IPA Consulting Services is a preferred partner to many organizations in the Pharmaceutical, biotechnology, API, veterinary, and Natural Health Products across the world and is known for its quality, professionalism, performance and solutions.

Dedication to quality, personalized support and the success of your projects are the key for our success. You receive a cost effective validation strategy while providing the highest quality service conducted with the strictest confidentiality.

Our highly experienced validation associates have both skills and commitment to provide a superior service required to meet all of your validation and calibration, qualification, and commissioning needs in order for your organization to remain competitive, dynamic and achieve a new level of confidence. They have worked with many facilities, systems and equipment including; (WFI, clean compressed air, and HVAC), Aseptic Systems (autoclaves, depyrogenation ovens and tunnels, cleanrooms, vial washers); Biotech Systems (bioreactors and fermentors, cell harvest), APIs (reactors, mills, centrifuges) and Solid and Liquid Dosage products (blenders, tablet presses, solution prep, liquid fill machines).

By providing hands-on validation support, qualification templates, preparation and execution of validation and compliance documents, we can relieve short term workloads that can exceed your available resources.

We offer a comprehensive list of services including; Cleaning Validation, Process Validation, Computer Validation, Facility Qualification, Equipment Qualification, Temperature Mapping and much more.

When it comes to qualification and validation services, our team brings a vast amount of experience to the table in order to achieve the best in innovative solutions for your new or existing facilities. Our services include the followings:

Facilities, Critical Utilities and Equipment Qualification

  • USP Purified
  • Water-for-Injection (WFI), Reverse Osmosis, Deionized Water
  • Clean Steam
  • Clean-in-Place/Steam-in-Place
  • Compressed Gases
  • HVAC
  • Air Handling Unit (AHU) qualification
  • HEPA Filter Integrity
  • Airflow Studies
  • Clean Room
  • Class 100
  • Class 10K
  • Class 100K
  • Manufacturing Requirements Planning (MRP)
  • Building Management Systems (BMS)
  • Qualification of ancillary production rooms, production area corridors, airlocks, wash rooms and technical rooms inside production areas.

Process Validation

  • Bulk Chemical and APIs
  • Solid dosage
  • Sterilization cycles
  • Sterilize-in-place systems
  • Biotechnology
  • Vaccine Manufacturers

Process Validation provides documented evidence with a high degree of certainty that a process will consistently produce product meeting its pre-determined quality attributes. Process Validation typically occurs after the Installation Qualification (IQ), Operational Qualification (OQ), and (when required) a Performance Qualification (PQ) have been satisfactorily completed. Successful process validation requires thorough process development, identification of controlled and critical parameters and in-process and final product specifications. Typically a minimum three (3) consecutive lots of product meeting the established quality specifications are necessary for process validation. These three consecutive lots are completed at the boundaries of critical parameters.

Cleaning Validation

Cleaning validation is documented proof that one can consistently and effectively cleanse a system or equipment item. The objective of cleaning validation is to ensure that a specific cleaning process will consistently clean to predetermined limits so as to prevent contaminants (product or cleaning process related) from leaving residues that will adulterate and adversely affect the safety and quality of the next product manufactured.

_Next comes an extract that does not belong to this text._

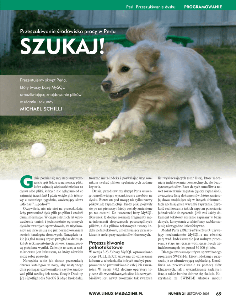 Perl: Przeszukiwanie dysku PROGRAMOWANIE Przeszukiwanie środowiska pracy w Perlu SZUKAJ! Prezentujemy skrypt Perla, który tworzy bazę MySQL umożliwiającą znajdowanie plików w ułamku sekundy. MICHAEL SCHILLI G dzie podział się mój napisany wczoraj skrypt? Gdzie są najnowsze pliki, które zajmują większość miejsca na dysku albo pliki, których nie oglądano od co najmniej trzech lat? I gdzie wcięło plik tekstowy z ostatniego tygodnia, zawierający słowa „Michael” i „podróż”? Oczywiście, nic nie stoi na przeszkodzie, żeby przeszukać dysk plik po pliku i znaleźć daną informację. W ciągu ostatnich lat wprowadzenie tanich i jednocześnie ogromnych dysków twardych spowodowało, że użytkownicy nie przejmują się już porządkowaniem swoich katalogów domowych. Narzędzia takie jak find muszą często przeglądać dziesiątki lub setki nieistotnych plików, zanim zwrócą pożądane wyniki. Zajmuje to czas, a nadmiar czasu jest luksusem, na który niewielu może sobie pozwolić. Narzędzia takie jak slocate przeszukują drzewa katalogów w nocy, aby następnego dnia pomagać użytkownikom szybko znajdować pliki według ich nazw. Google Desktop [2] i Spotlight dla MacOS X idą o krok dalej, tworząc meta-indeks i pozwalając użytkownikom szukać plików spełniających zadane kryteria. Dzisiaj przedstawimy skrypt Perla rummage, umożliwiający wyszukiwanie zasobów na dysku. Bierze on pod uwagę nie tylko nazwy plików, ale zapamiętuje, kiedy pliki pojawiły się po raz pierwszy i kiedy zostały zmienione po raz ostatni. Do tworzonej bazy MySQL (Rysunek 1) dodaje rozmaite fragmenty meta-informacji dotyczących poszczególnych plików, a dla plików tekstowych tworzy indeks pełnotekstowy, umożliwiający przeszukiwanie treści przy użyciu słów kluczowych. Przeszukiwanie pełnotekstowe W wersja 3.23.23 bazy MySQL wprowadzono opcję FULLTEXT, używaną do oznaczania kolumn w tabelach, dla których ma być przeprowadzane przeszukiwanie całej ich zawartości. W wersji 4.0.1 dodano operatory logiczne dla wyszukiwanych słów kluczowych. Możliwe jest nawet tworzenie tak zwanych WWW.LINUX-MAGAZINE.PL list wykluczających (stop lists), które zabraniają indeksowania powszechnych, ale bezużytecznych słów. Baza danych umożliwia nawet rozszerzanie zapytań (query expansion), zwracające listę dokumentów, które zawierają słowa znajdujące się w innych dokumentach spełniających warunki zapytania. Szybkość realizowania takich zapytań pozostawia jednak wiele do życzenia. Jeśli zaś każdy dokument tekstowy zostanie zapisany w bazie danych, korzystanie z takiej bazy szybko staje się niewygodne i nieefektywne. Moduł Perla DBIx::FullTextSearch używający mechanizmów MySQL-a ma również parę wad. Indeksowanie jest wolnym procesem, a staje się jeszcze wolniejsze, kiedy zaindeksowanych jest ponad 30 000 plików. Dlatego też rummage używa sprawdzonego programu SWISH-E, który indeksuje i przeszukuje ze zdumiewającą szybkością. Umożliwia on przeszukiwanie za pomocą słów kluczowych, jak i wyszukiwanie zadanych fraz, a także bardzo dobrze się skaluje. Korzystanie ze SWISH-E ułatwia moduł NUMER 21 LISTOPAD 2005 69 PROGRAMOWANIE Perl: Przeszukiwanie dysku SWISH::API::Common z archiwum CPAN, koncentrujący się na najczęściej używanych funkcjach. Należy jednak wspomnieć, że SWISH-E nie potrafi usuwać plików z już utworzonego indeksu, co – dla zachowania aktualności danych – wymusza codzienne Polecenie rummage -n 20 pozwala znaleźć 20 ostatnio zmodyfikowanych plików. Jeśli nie podasz liczby, polecenie przyjmie wartość domyślną i wyświetli 10 ostatnio zmienionych plików. Polecenie rummage -m „7 day” zwróci wszystkie pliki zmodyfikowane Rysunek 1: Schemat tabeli 'file', w której 'rummage' przechowuje meta-dane plików. powtórne indeksowanie plików. Wykonywane każdej nocy zadanie crona może z łatwością obsłużyć setki tysięcy plików, co zupełnie wystarcza normalnym użytkownikom. Metody Po pierwszej sesji indeksowania poprzez polecenie rummage -u meta-dane i indeks pełnotekstowy stają się dostępne dla użytkowników. Polecenie rummage -k query znajduje pliki zawierające podane słowo kluczowe. W Ramce 1 podajemy parę przykładów przeszukiwania za pomocą słów kluczowych i zapytań o różne meta-dane. Jak pokazano na schemacie na Rysunku 1, baza MySQL-a przechowuje pełną ścieżkę dostępu do każdego pliku, jego rozmiar w bajtach, czas pierwszego pojawienia się w systemie plików, czas ostatniego dostępu i ostatniej modyfikacji. Plik o nazwie call.sgml, ukryty gdzieś w mrocznych otchłaniach zaindeksowanej hierarchii plików, znaleźć można przez wywołanie rummage -p call.sgml. Mechanizm działania rummage polega na zamianie call.sgml na wzorzec SQL-a %call.sgml% i przeszukaniu tabeli file zapytaniem WHERE path LIKE „%call.sgml%”. Zapytania o ścieżki względne, takie jak examples/call.sgml, także będą działały, ale w takim przypadku rummage znajdzie zadany plik tylko wtedy, jeśli znajduje się on w podkatalogu examples. 70 NUMER 21 LISTOPAD 2005 w ciągu ostatniego tygodnia. W tym celu wywoła ono następujące zapytanie MySQL-a: SELECT * FROM file WHERE DATE_SUB(NOW(), INTERVAL 7 DAY) <= mtime każąc obliczyć bazie MySQL, czy data modyfikacji dla każdego rekordu wypada wcześniej niż jeden tydzień wstecz. W razie potrzeby możesz zastąpić liczbę dni wyrażeniem typu 3 month (3 miesiące) lub 18 hour (18 godzin). Oczywiście, żadne z tych wyrażeń nie odnosi się do chwili obecnej, lecz do czasu ostatniej aktualizacji bazy, czyli najczęściej do poprzedniej nocy. Program rummage po prostu nie uwzględnia niczego, co wydarzyło się później. Przypuszczalnie będzie trzeba zmodyfikować pierwszą część programu rummage, aby dopasować ją do danego środowiska pracy. Stała $MAX_SIZE definiuje maksymalną długość zawartości, która ma być zaindeksowana

  • Cleaning Validation Master Plans
  • Cycle Development
  • Design-of-Experiments (DOE)
  • Determining effective grouping strategies
  • Determination of sampling methods
  • Protocol Development and Execution
  • Swab and Rinse recovery Studies
  • Analytical Test Method Development and Validation
  • Establishing residue limits and sample acceptance criteria

Computer Systems and Software Validation

Computerized Systems that perform regulated functions must be qualified or validated. Computer validation requires a cross-functional skill set that encompasses IT expertise, working QA knowledge (including GXP practices and computer validation), business acumen, and software modeling.

IPA Consulting Services validation team understands GAMP and software development lifecycle methodology. Having specialized skill sets, our team offers a complete range of services for your computer validation needs. We EXCEL at SAP, TrackWise, Delta V, and custom software validations! We offer complete outsourced Quality Assurance services for software implementation and validation projects!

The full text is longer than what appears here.